Ниже ее стоит, по мысли Пушкина, полнота, дарованная чудом, рождающаяся в экстазе. Она ниже той, потому что менее гармонична и менее устойчива. Как ни мало действует тот, кто из неполного существования разбужен к полноте чудом, -- он все же действует. Человек в состоянии экстатической полноты проявляет, по мысли Пушкина, наименьшую возможную действенность, именно действенность изреченного слова. Эта полнота, как и всякая другая, нисходит на душу помимо индивидуальной воли и сознания.
Бедному рыцарю было видение, непостижное уму, и с той поры он "сгорел душою". Вся остальная его жизнь -- бездейственное пылание; поразительно, как, сам того не сознавая, Пушкин упорно выставляет на вид праздность бедного рыцаря, его безучастие ко всем мирским делам.
И в пустынях Палестины,
Между тем как по скалам
Мчались в битву паладины,
Именуя громко дам,
"Lumen coelum, sancta Rosa!" --
Восклицал он, дик и рьян,
И как гром его угроза
Поражала мусульман.
Возвратясь в свой замок дальный,
Жил он строго заключен,
Все безмолвный, все печальный,
Как безумец умер он.
Он не сражается; его единственное действие -- слово, почти междометие, да и это последнее его действ ие скоро угасает совсем.

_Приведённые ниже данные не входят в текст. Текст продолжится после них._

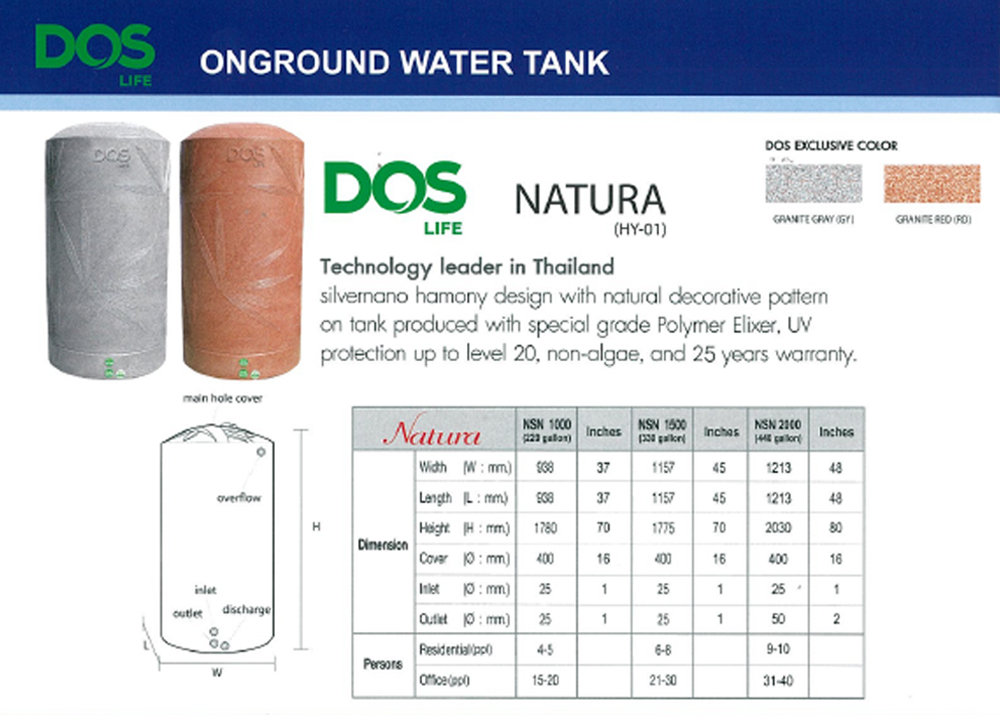 1000 Liter DOS Life Combac Nano Onground Water Tank (Natura)

Мицкевич несомненно был прав, когда назвал "Пророка" Пушкина его автобиографическим признанием. Недаром в "Пророке" рассказ ведется от первого лица; Пушкин никогда не обманывал. Очевидно, в жизни Пушкина был такой опыт внезапного преображения; да иначе откуда он мог узнать последовательный ход и подробности события, столь редкого, столь необычайного? В его рассказе нет ни одного случайного слова, но каждое строго-деловито, конкретно и точно, как в клиническом протоколе. Эти удивительные строки надо читать с суеверным вниманием, чтобы не упустить ни одного признака, потому что то же может случиться с каждым из нас, пусть частично, и тогда важно проверить свой опыт по чужому. Показание Пушкина совершенно лично, и вместе вневременно и универсально; он как бы вырезал на медной доске запись о чуде, которое он сам пережил и которое свершается во все века, которое, например, в конце 1870-х годов превратило Льва Толстого из романиста в пророка.
Уже первое четверостишие ставит меня в тупик: нужно слишком много слов, чтобы раскрыть содержание, заключенное в 15 словах этой строфы. Пушкин свидетельствует, что моменту преображения предшествует некое тайное томление, тоска, беспричинная тревога. Дух жаждет полноты, сам не зная какой, привычный быт утратил очарование, и жизнь кажется пустыней. И вдруг, -- помимо личной воли, помимо сознания, непременно вслед за каким-нибудь житейским событием, может быть малым, но глубоко потрясающим напряженные нервы ("на перепутьи"), -- наступает чудо.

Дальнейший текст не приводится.